Scenarios, carbon budgets and temperature projections in the new IPCC WG1 AR6 report
Abstract: The Physical Science (Working Group 1) contribution to the IPCC’s Sixth Assessment Report will be released on the 10th August 2021. This first of two seminars will provide an overview of some key results in the IPCC report, presented by two authors that have been closely involved in this IPCC cycle. The seminar will cover the new scenarios that underpin future projections, historical warming updates, the question around how these scenarios compare to 1.5C warming, a comparison of when peak warming levels could be reached under the low mitigation scenarios, the impact of COVID, techniques to provide assessed future temperature projections based on multiple lines of evidence, the usefulness of providing projections against warming levels, remaining carbon budgets in comparison to the SR.5 report, as well as the importance of CO2 versus other gases, both in terms of past and future warming as well as in terms of so-called metrics that compare unit emissions of different GHGs. The second seminar (24th August) will provide more technical detail on two key aspects, i.e. assessed future warming levels and remaining carbon budgets.
This event has been organised with the financial support of the European Union’s Partnership Instrument. The opinions expressed are the sole responsibility of the speakers and do not necessarily reflect the views of the European Union.
Malte’s research interests comprise probabilistic climate projections, carbon budgets and emulations of multiple climate system uncertainties. He is one of the Lead Authors for the IPCC Sixth Assessment Report on the physical climate science (WG1), and part of the Core Writing Team of the IPCC Synthesis Report. Malte has been the scientific advisor to the German Environmental Ministry, being part of the German negotiation team at international climate change negotiations for more than 10 years. In his scientific career, he received an Australian Research Council’s Future Fellowship Award to investigate Australia’s fair contribution towards a global mitigation effort. Malte is Associate Professor in Climate Science at the School of Geography, Earth and Atmospheric Sciences at the University of Melbourne.
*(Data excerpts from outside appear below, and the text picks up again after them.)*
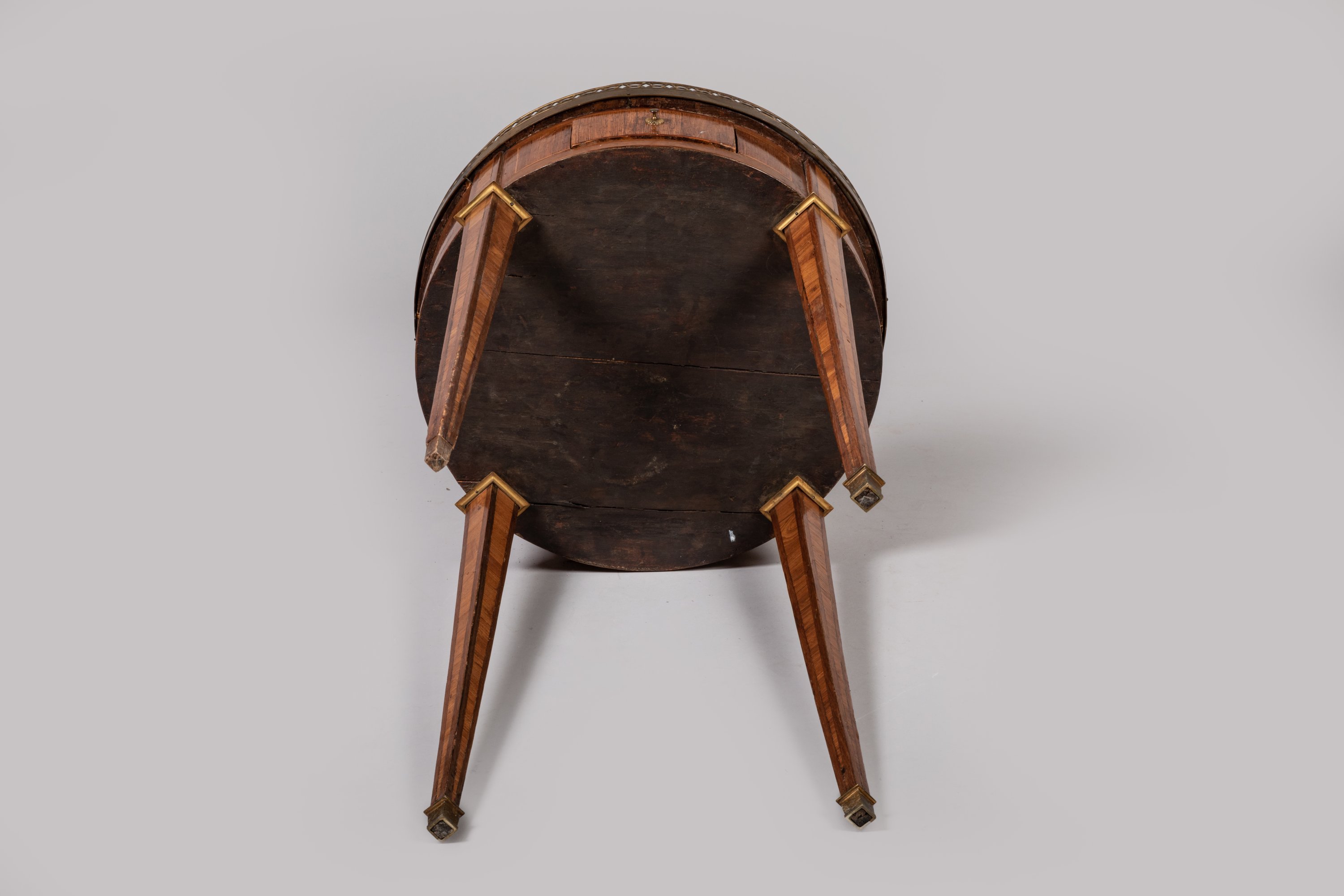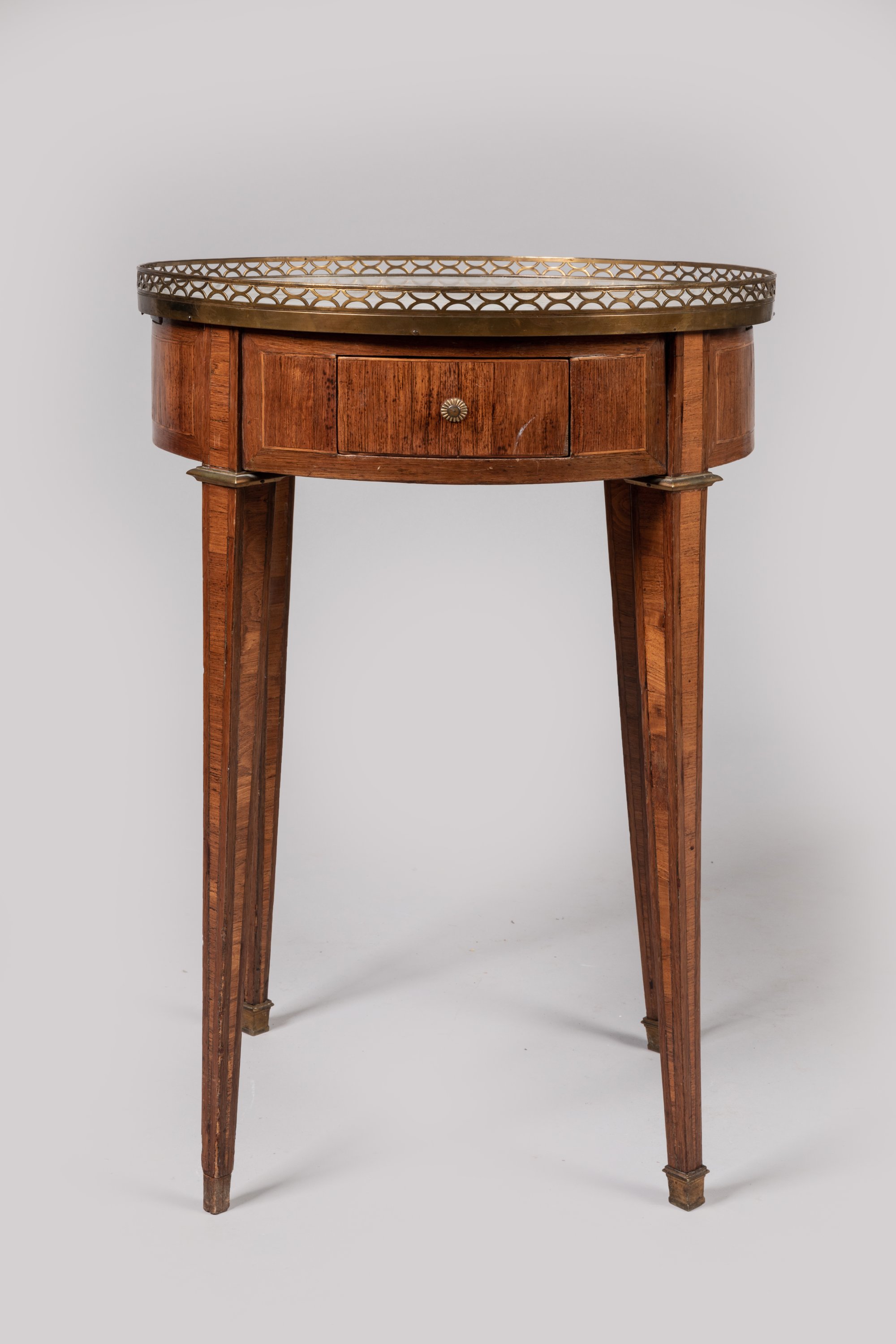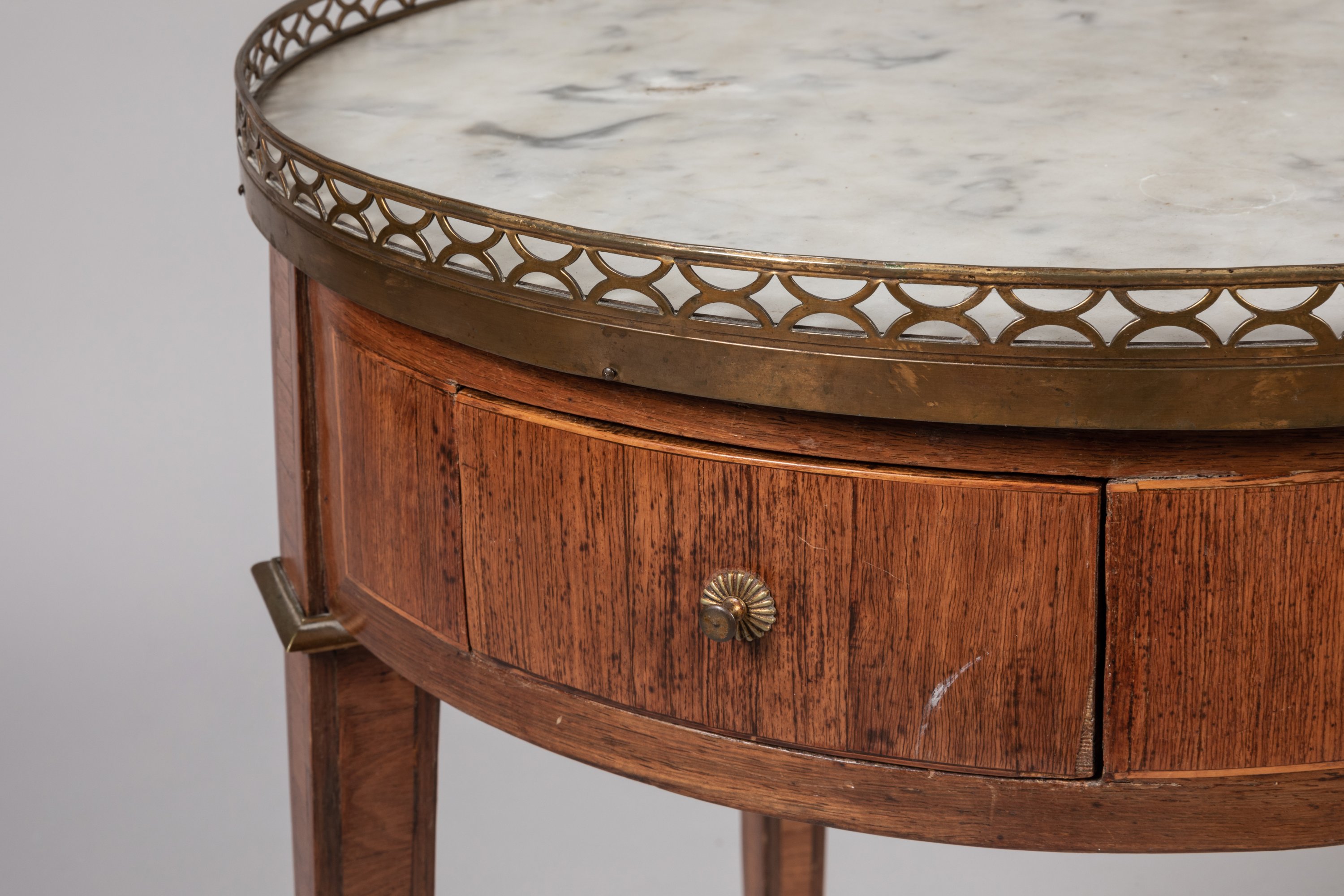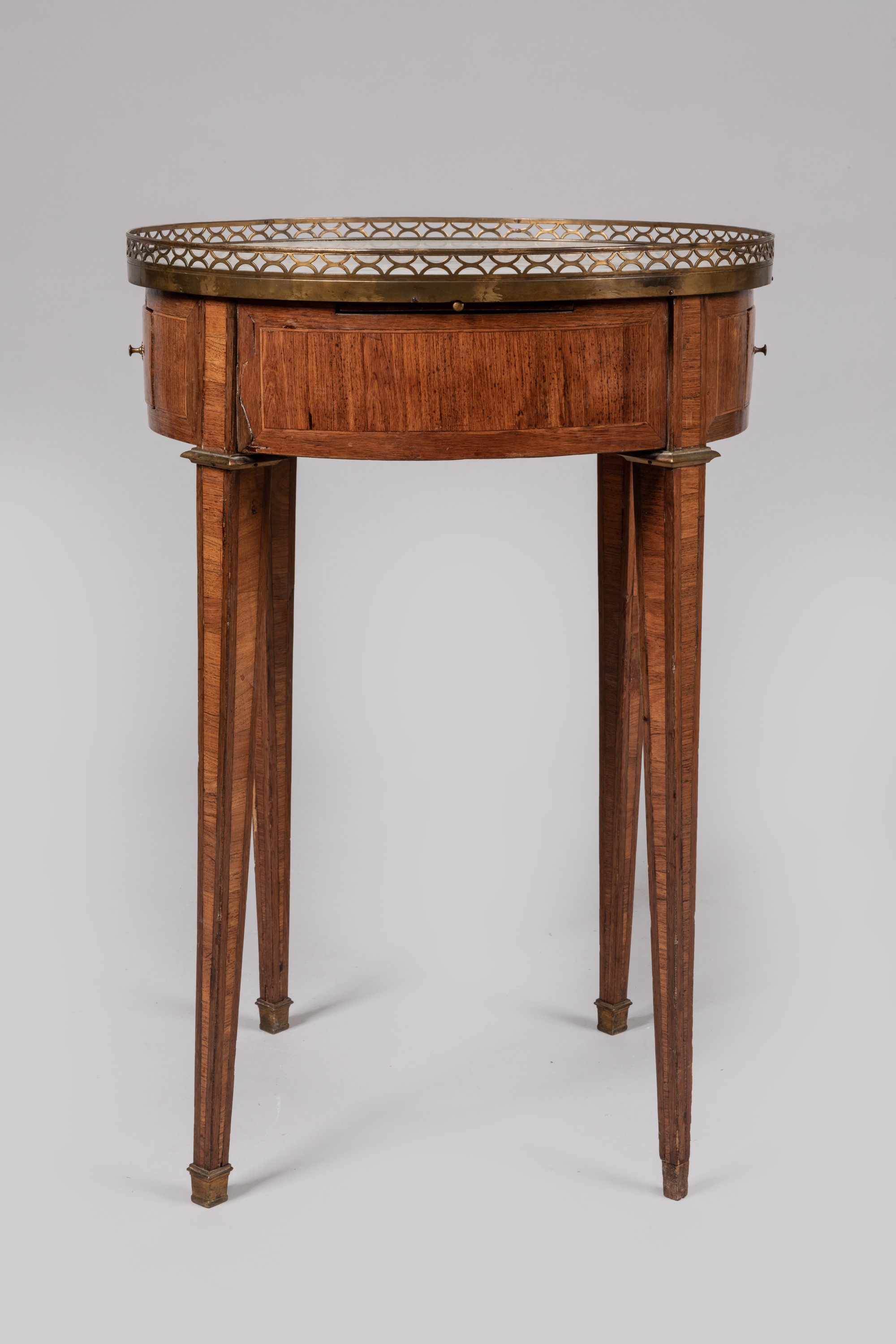 TABLE BOUILLOTTE en placage de bois de rose ouvrant à deux tiroirs et deux tirettes en ceinture et reposant sur des pieds gainés. Marbre blanc à galerie ajourée en bronze.
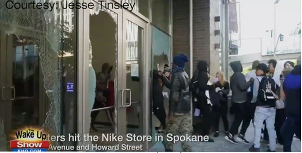Cửa hàng Nike bán giày và áo quần thể thao (downtown Spokane – June.1.2020) bị đập bể cửa. Người biểu t́nh đua nhau lấy các món hàng trong cửa tiệm.
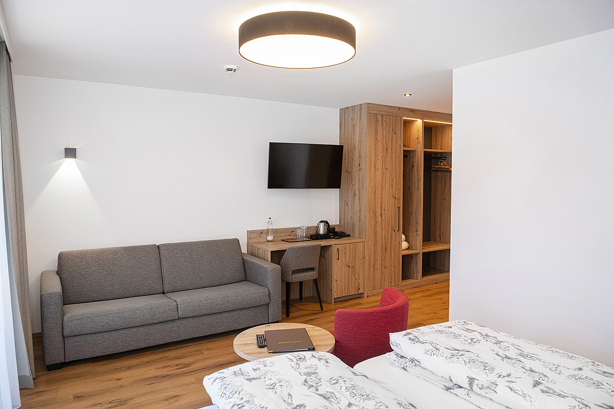 Family 4 Deluxe - 24 m² - pokoj s manželskou postelí a případně rozkládacím gaučem pro 1 až 2 osoby, sociální zařízení, balkon
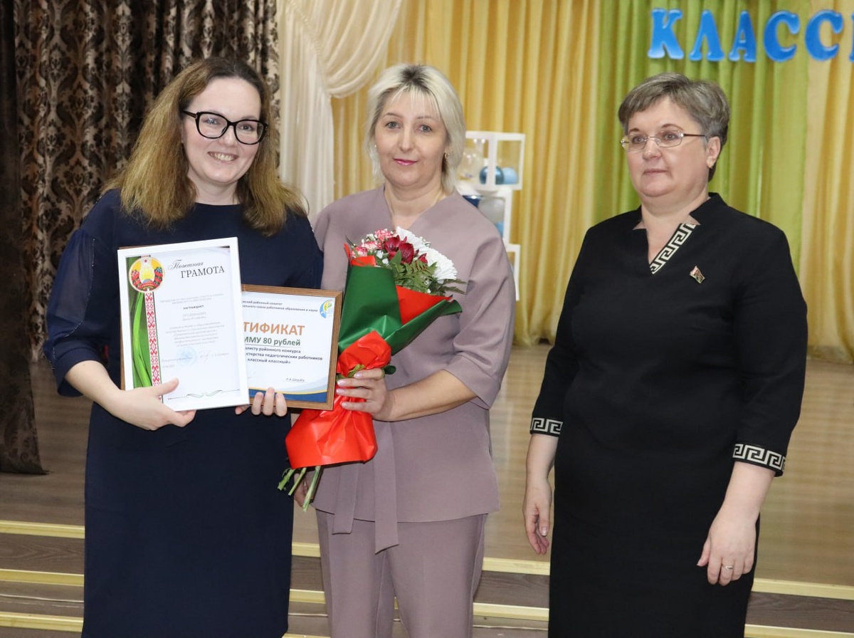 💫💫💫 Финал районного конкурса профессионального мастерства «Самый классный классный». Конкурсанты представили свои визитные номера «Потому что КЛАССНЫЙ руководитель!» и видеоролики «Секреты классного руководителя». В заключительном испытании начинающие педагоги Несвижчины задали финалистам вопросы, стремясь узнать их секреты успеха. 🏆 По итогам всех конкурсных испытаний победу одержала Ксения Андреевна Тишевич, учитель физики и информатики СШ №4 г. Несвижа, классный руководитель 5 «А» класса. Дипломом II степени награждена Анастасия Дмитриевна Голяк, учитель начальных классов СШ №4 г. Несвижа, классный руководитель 3 «Г» класса, Дипломом III степени — Элла Юрьевна Чанкина, учитель начальных классов СШ №3 г. Несвижа, классный руководитель 3 «Б» класса. Все участники финала награждены Почетными грамотами управления по образованию, спорту и туризму Несвижского райисполкома, а также им вручены денежные сертификаты от районного комитета Белорусского профсоюза работников образования и нау
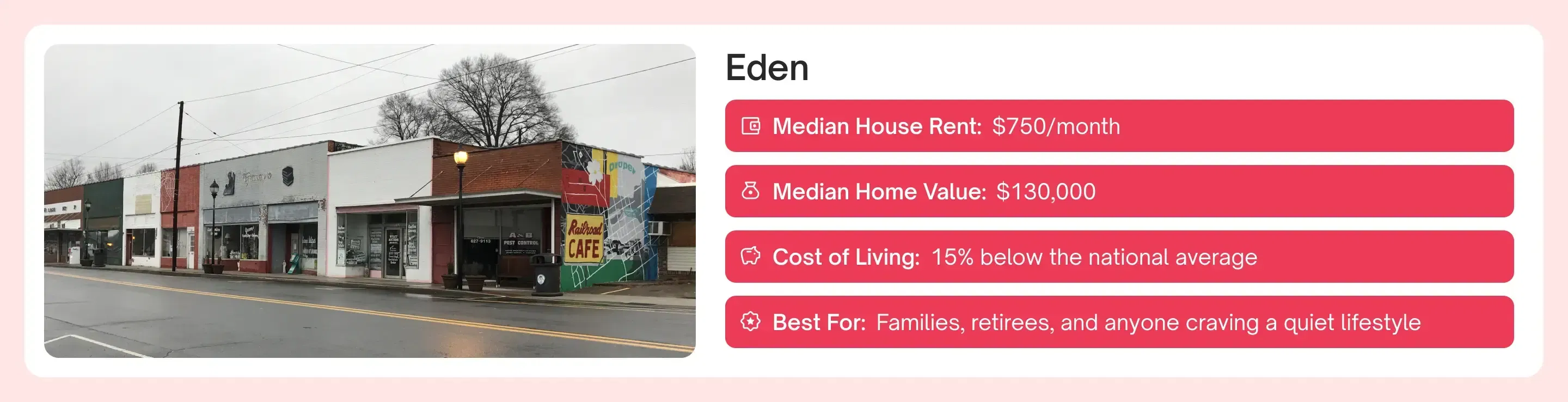 Eden is often hailed as one of the most affordable places to live in North Carolina, mainly because of its very low housing costs and calm, small-town vibe. It’s a place where your rent won’t break the bank, and buying a home here is well within reach if you’re on a budget. The local community is friendly and welcoming, making Eden a solid choice if you want the cheapest city to live in North Carolina without sacrificing comfort.
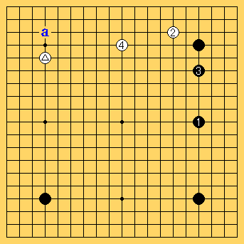 黒aとカカルのは怖いので、いつも と三連星に打っているわ。白にaのシマリを打たれても黒4で悪くないと思うのだけど。
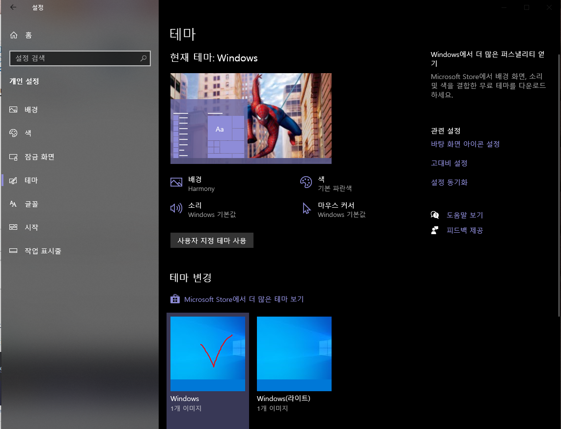 저 '테마'로 들어가셔서 체크 누르시면 기본 바탕화면이 되는데요 이게 제일 빠릅니다. 화려한 것을 쓰면 이쁘긴 하지만 바탕화면 로딩하는데 좀 더 걸릴 수 있어요.

Zebedee is an expert in reduced complexity climate model development. Alongside A/Prof Malte Meinshausen, he leads the Reduced Complexity Model Intercomparison Project (RCMIP), which performs standardised evaluation of reduced complexity climate models. He also led the development of a common resource for reduced complexity model calibration data based on ESM output (cmip6.science.unimelb.edu.au) and helped create the input greenhouse gas datasets for CMIP6’s future scenario experiments. Zebedee submitted his PhD at the Climate & Energy College within the University of Melbourne’s School of Geography, Earth and Atmospheric Sciences in May, and before that completed his undergraduate Masters course in Physics at St. John’s College, University of Oxford. Beyond his PhD, Zebedee contributed to Working Group 1 of the forthcoming IPCC Sixth Assessment Report, leading Cross-Chapter Box 7.1 and acting as a Contributing Author to Chapters 1, 4, 5, 6 and 7.